Similarly, many academics now recognize it is problematic to categorize young families as impoverished in the same way one categorizes households headed by old or middle-aged individuals as impoverished. This is because poverty in the U.S. is often only temporary. For example, according to the U.S. Census Bureau, “While 29 percent of the nation's population was in poverty for at least two months between the start of 2004 and the end of 2006, only 3 percent were poor during the entire period.” It is not hard after all for a young adult to fall into poverty or choose to live with their parents during a short period of unemployment or brief tango with an illness.
Economists at the St. Louis Federal Reserve Bank also found -- using the Federal Reserve’s Survey of Consumer Finances – that from 1989 to 2013 the median wealth of families rose 40 percent for people over the age of 62 and decreased roughly 30 percent for people under the age of 62. This indicates our economy is naturally structured to reward workers for increased experience as they age because, in the aggregate, they are considered more productive employees.
Moreover, the Federal Reserve’s low-interest rate policy, which was only recently modified, has propped up stock market growth, primarily benefiting wealthy and older households. The United States has been experiencing the third longest bull market stock surge in history, which feeds concerns that America’s wealthiest benefit the most from these massive gains while middle-class incomes stagnate.
America’s middle-class began pulling out of the stock market in 2007, which has left an even larger portion of these investments gains to high-income individuals. Stock is also disproportionately owned by older Americans, reflecting the well-established trend that people approaching retirement age have accumulated a higher net-wealth in assets like stock.

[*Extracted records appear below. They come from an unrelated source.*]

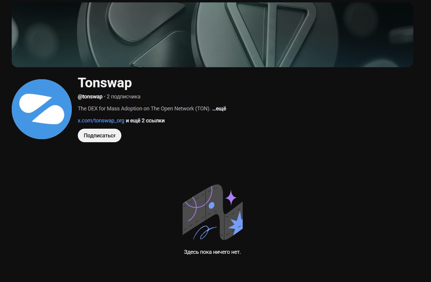Tonswap в цифровом пространстве сосредоточена на трех ключевых платформах: Telegram, YouTube и Twitter. Несмотря на статус первого или ведущего протокола в сети TON, активность в этих социальных сетях носит формальный, а зачастую и полностью статический характер.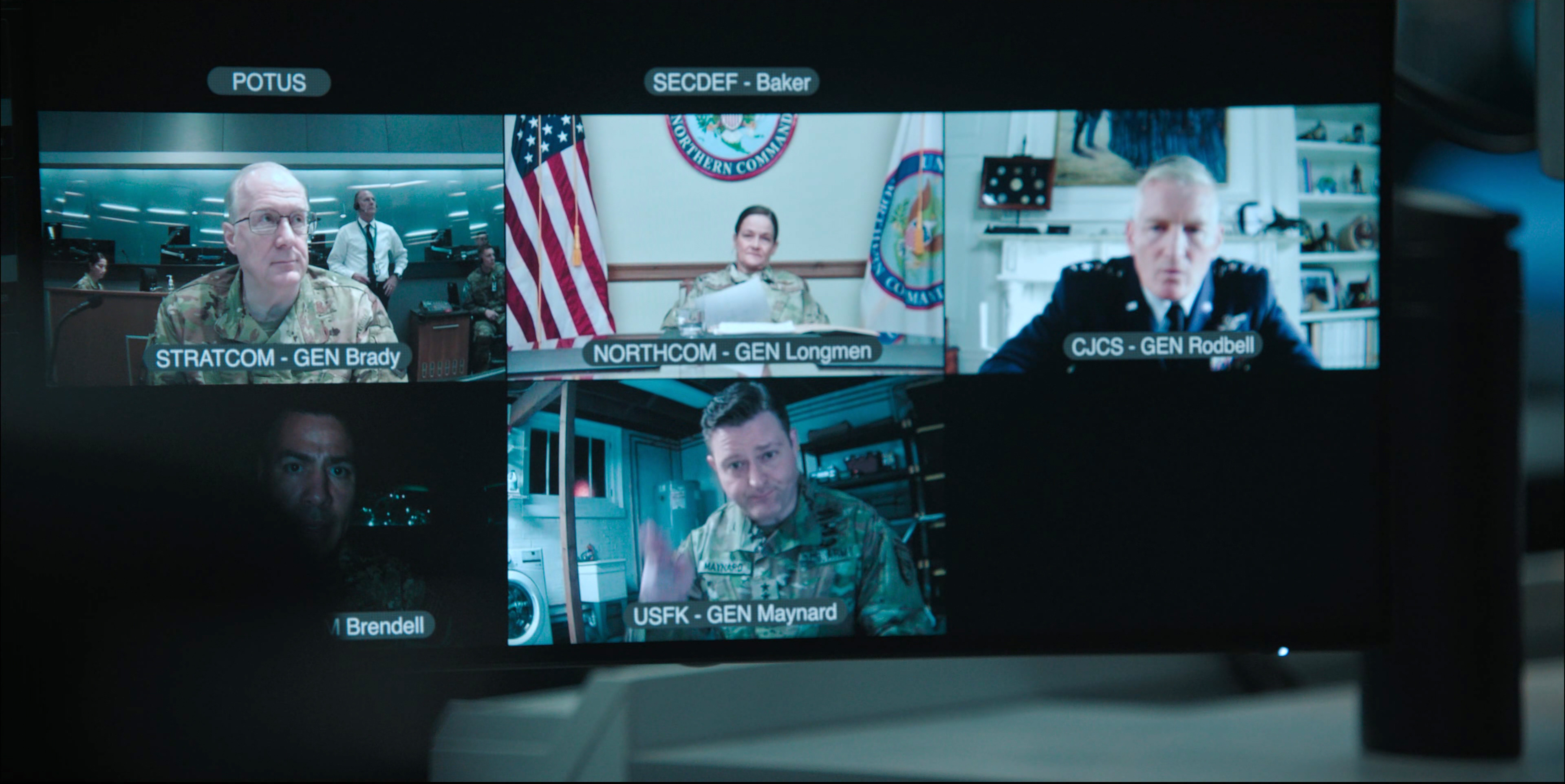 Здесь мы видим эти двадцать минут с точек зрения Оливии Уолкер и Дэвида Гонсалеса, затем нам показывают Стратегическое командование США, где генерал Энотни Брэди (Трейси Леттс) планирует координированную атаку на врагов США - разумеется, это КНР, КНДР и РФ, - если не будет выяснено, кто именно запустил ракету; в это же время в Белом доме заместитель советника по национальной безопасности (сам советник временно вышел из строя) Джейк Берингтон (Габриэль Бассо) пытается найти более мирное решение, ну и также нам покажут подробности того, как на это все реагировал Министр обороны США Рид Бэйкер (Джаред Харрис), и Президент США, чье имя в фильме ни разу не называется - в селекторном совещании он фигурирует под аббревиатурой POTUS (President of the United States), и в совещании по Zoom он присутствует только в виде голоса без видео.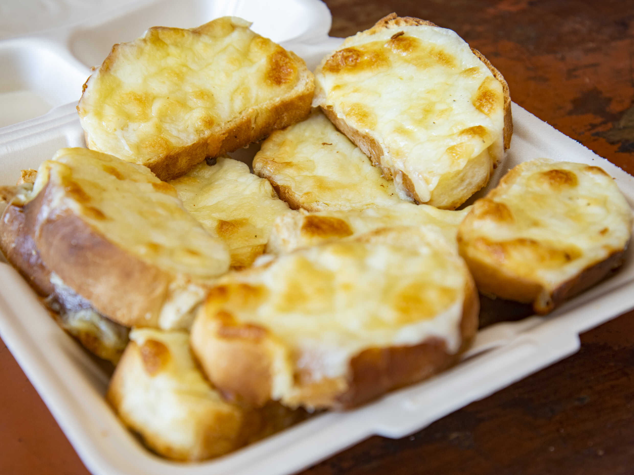 5 ingredientes : tomate , chorizo , carne molida , morron y cebolla , 4 piezas de pan de ajo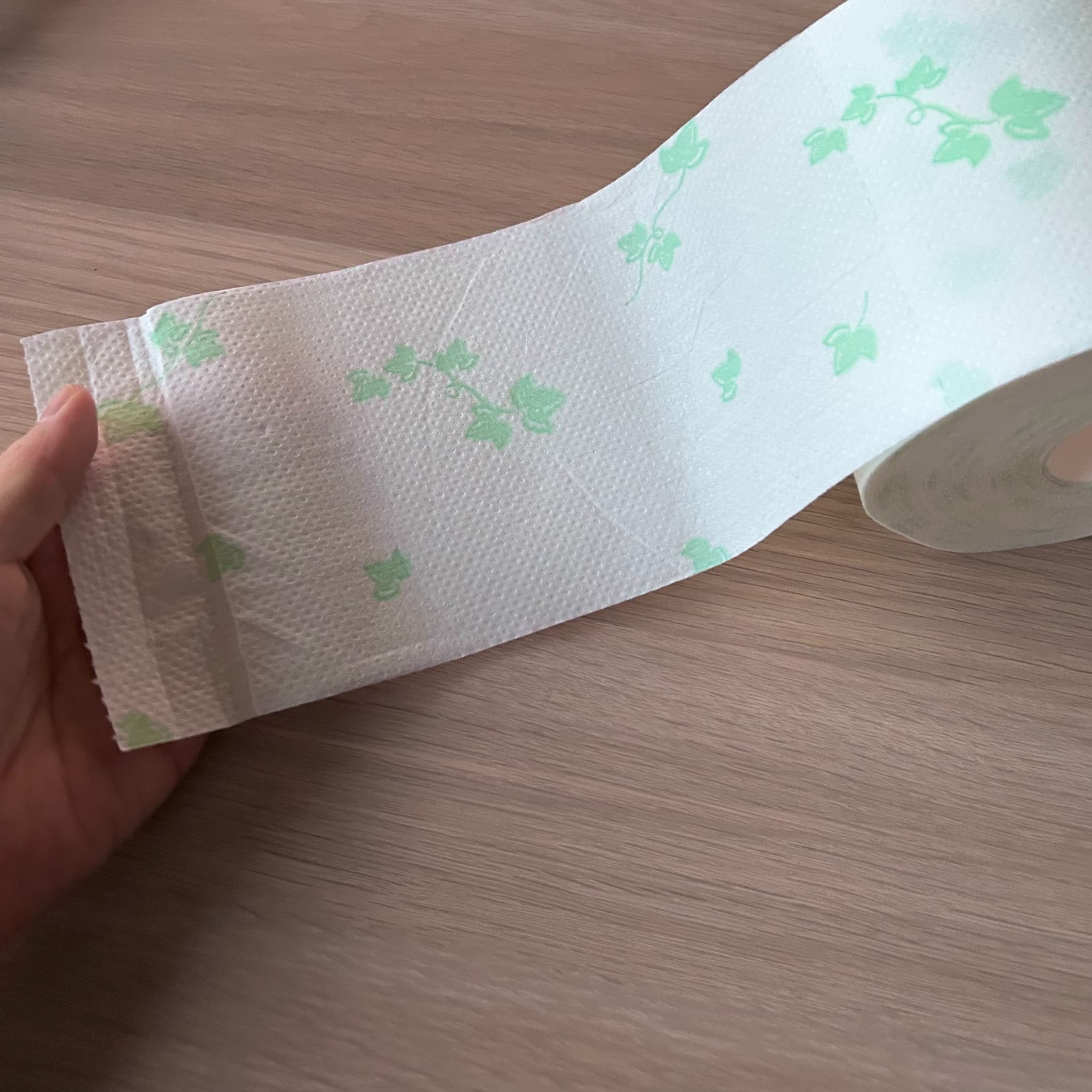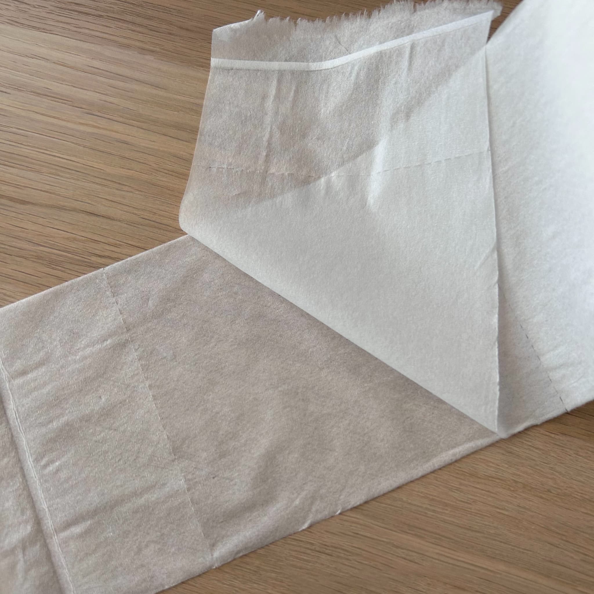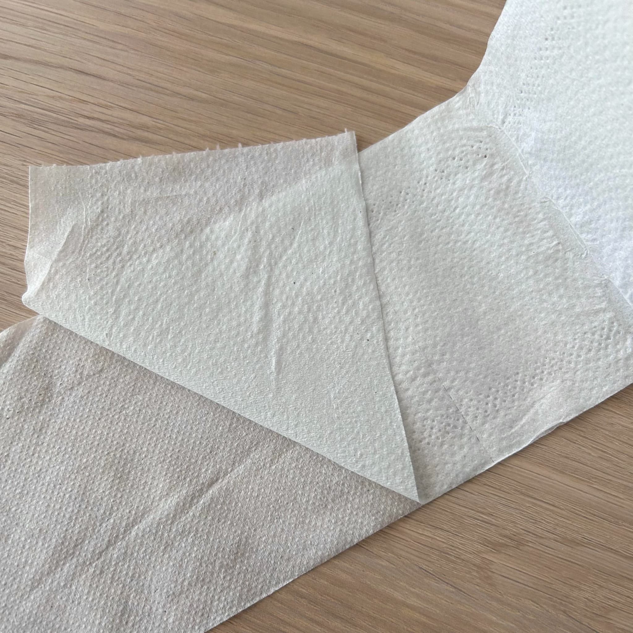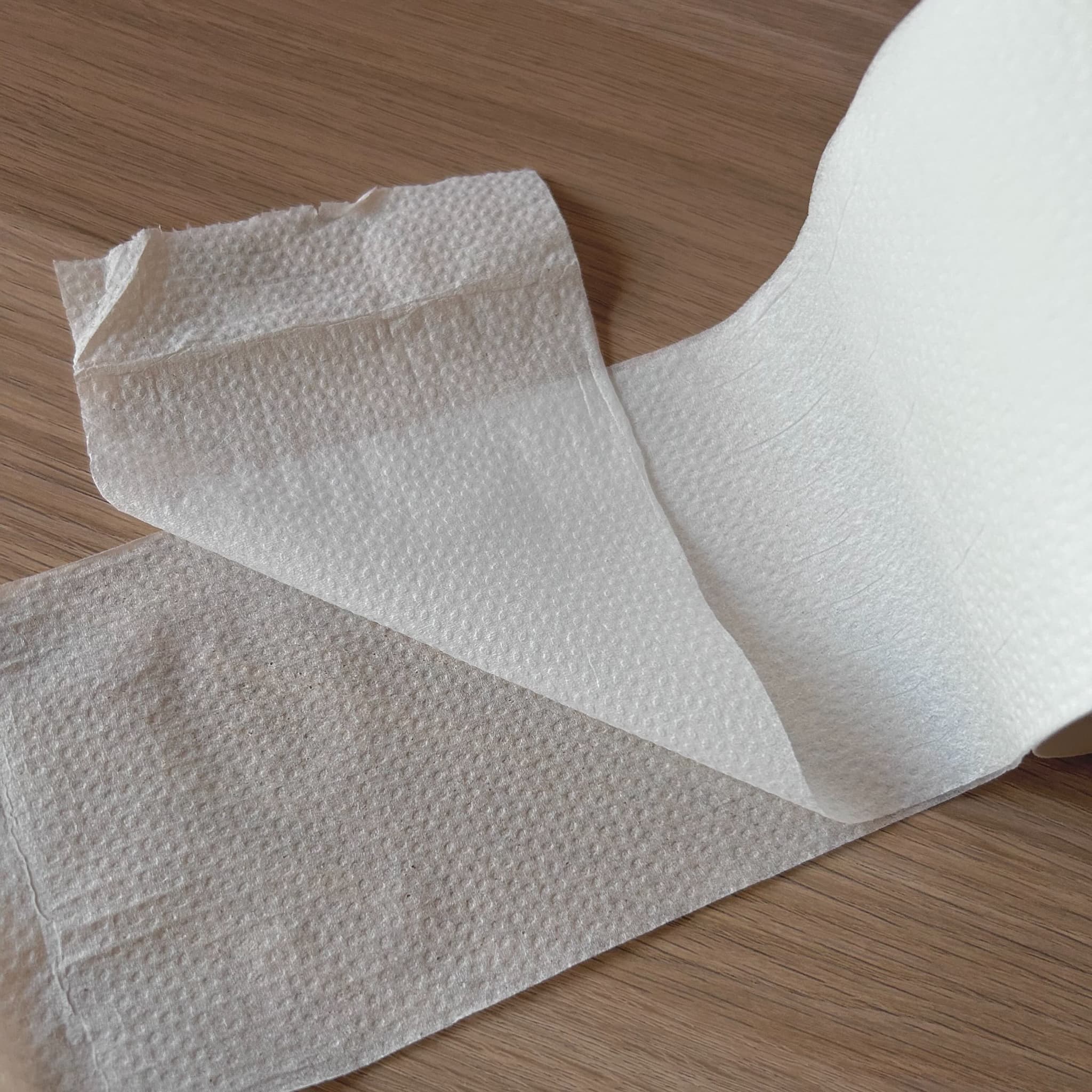 ダブルタイプで丈夫さもあり、安心感のある使い心地です。エンボス加工はありませんが、肌触りはとてもふんわりしています。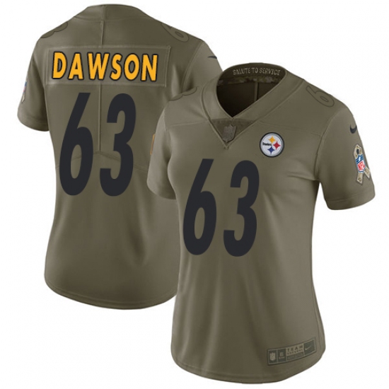 Home>NFL>Pittsburgh Steelers>Dermontti Dawson>Women's Nike Pittsburgh Steelers #63 Dermontti Dawson Limited Olive 2017 Salute to Service NFL Jersey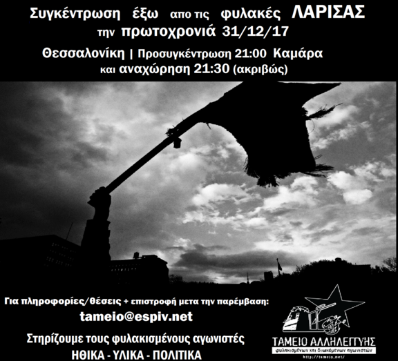 Το βράδυ της πρωτοχρονιάς, 31/12/2017, θα βρεθούμε δίπλα στους φυλακισμένους αγωνιστές που βρίσκονται έγκλειστοι στις φυλακές (κατάστημα κράτησης) Λάρισας.

Government spending and debt also contribute to income inequality. After all, the Federal Reserve is pursuing low-interest rate policies because government spending, which is set to grow over the next decade, will put upward pressure on interest rates. Over the next decade, the nonpartisan Congressional Budget Office indicates that the interest rates on domestically owned debt will nearly triple, meaning the benefits older households accrue from Washington’s spending will add to income inequality.
Social Security benefits, specifically those offered to retirees, are also fueling the perceived income inequality gap between Americans with the lowest-earnings and Americans with the highest-earnings. This is because life expectancies have notable disparities based on one’s socio-economic background.
A 2015 report by the National Academies of Science, Engineering and Medicine concludes that across genders “life expectancy gains have been larger for higher earners than lower earners,” and that this reality means that people in the highest income quintiles are able to collect more social security because they are living longer than their less well-off counterparts. The report found that means-testing Social Security by lowering the “initial benefits for the top 50 percent of earners” eligible for retirement benefits would substantially decrease this income distribution gap.
As the baby-boomer generation becomes eligible for retirement benefits and reaps the rewards of their accumulated savings, income inequality will appear worse over time. While obviously not all senior citizens are well off, it is clear that demographics coupled with an awkwardly structured Social Security system are primarily to blame for the nation’s perceived income disparity.